God’s action on the hearts of the elect allows them to choose to place their faith in Christ. The 1689:

“When God converts a sinner, and brings him out of sin into the state of grace, He frees him from his natural bondage to sin and, by His grace alone, He enables him freely to will and to do that which is spiritually good.
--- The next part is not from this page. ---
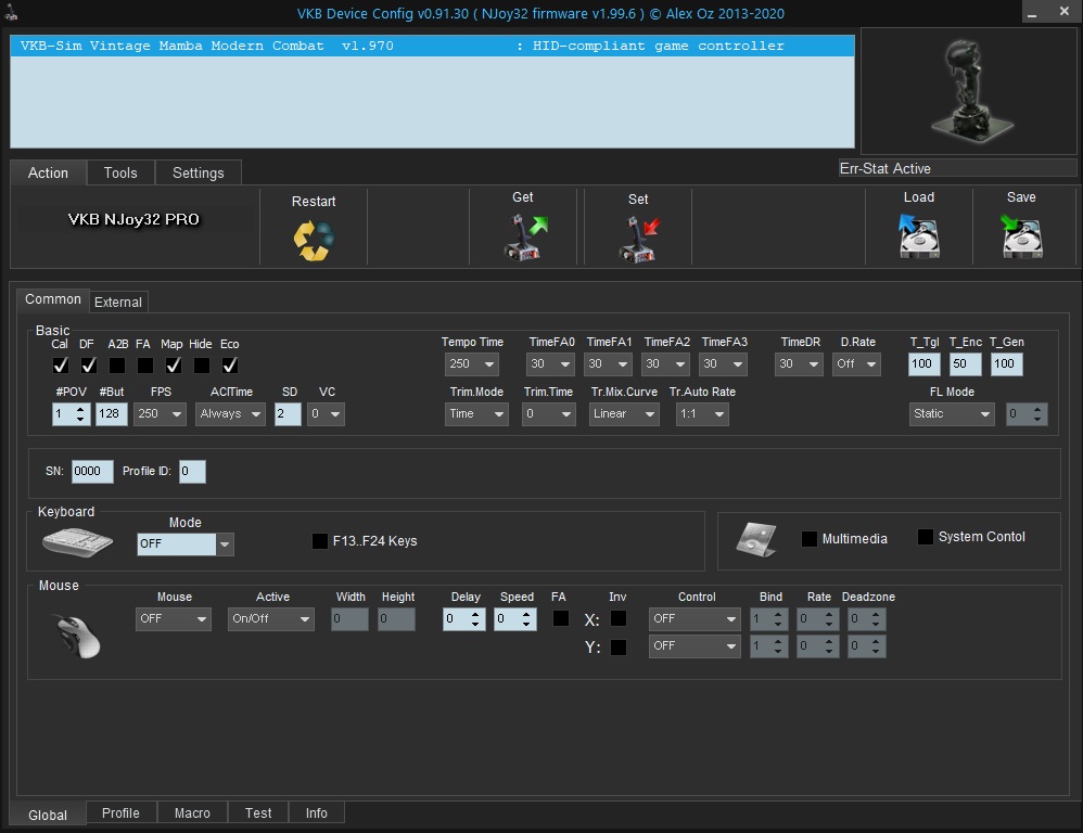 Neither in the Windows applet "Gaming Devices" nor in Wizzo you will see a button above the 32nd. Use the configurator or JoyTester to view all 128 buttons. It must be remembered that not every game is able to see so many buttons. For example, IL-2 sees 64, StarCitizen - 50, DCS, X-Plane - 128. I somehow did not think about it in FS2020, I need to check it.

Nevertheless certain corruptions remain in the sinner, so that his will is never completely and perfectly held in captivity to that which is good, but it also entertains evil. - John 8:36; Rom. 7:15,18,19,21,23; Phil. 2:13; Col.1:13.”

Lastly, I turn to Andrew Fuller (http://siteone.com/religion/baptist/baptistpage/Reading/Gospel_Fuller/Gospel01.htm):

“It is no part of the controversy whether unconverted sinners be able to turn to God, and to embrace the gospel; but what kind of inability they lie under with respect to these exercises; whether it consists in the want of natural powers and advantages, or merely in the want of a heart to make a right use of them. If the former, obligation, it is granted, would be set aside; but if the latter, it remains in full force. They that are in the flesh cannot please God; but it does not follow that they are not obliged to do so; and this their obligation requires to be clearly insisted on, that they may be convinced of their sin, and so induced to embrace the gospel remedy.”